Het hamsteroortje houdt van twee dingen: warmte en vocht. Het hamsteroortje haat twee dingen: zure regen en uitdroging. Van oorsprong is het hamsteroortje een korstmos uit de warmere kustgebieden. In Frankrijk algemeen en in Nederland in de jaren vijftig alleen van de kust bekend van loofbomen waar levermossen op groeien.
Onder invloed van de zure regen ging het eind vorige eeuw erg slecht met het hamsteroortje. Rond 1990 waren er nog maar drie vindplaatsen bekend in Nederland. De soort stond te boek als Ernstig Bedreigd op de rode lijst voor korstmossen.

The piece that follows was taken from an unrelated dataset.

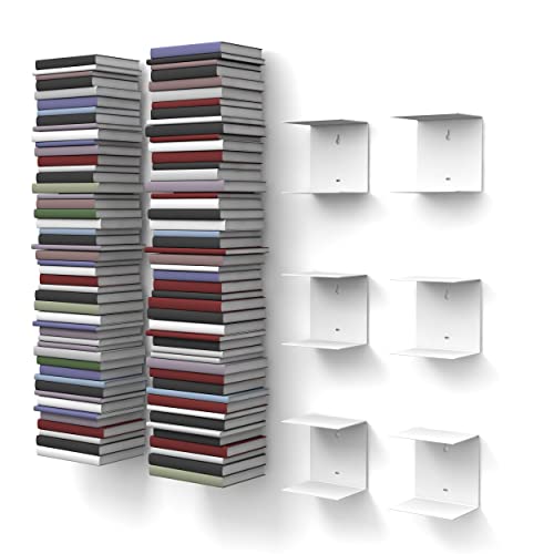 Home3000-6 Mensole libreria, Invisibili, Colore: Bianco, con 12 Scomparti, Altezza:Fino a 300 cm, per Mettere i Libri in pila, per Libri con profondità Fino a 22 cm

Sinds 2005 neemt de soort spectaculair toe en ontwikkelt zich opeens ook in het binnenland. Er zijn drie redenen te noemen:
1. zwaveldioxide (zure regen) in de lucht is door milieumaatregelen teruggedrongen,
2. de temperatuur neemt toe door klimaatverandering en
3. de bomen zijn door de stikstof in de lucht veel meer begroeid met algen en mos dan voorheen. Dit zorgt voor een vochtig klimaat en dat vindt het hamsteroortje fijn. Nu is hij algemener dan ooit.
En zo is het kleine hamsteroortje een icoon voor de hedendaagse milieuproblematiek: alle effecten van zure regen, stikstof en klimaatverandering zijn terug te vinden in de spectaculaire geschiedenis van deze soort.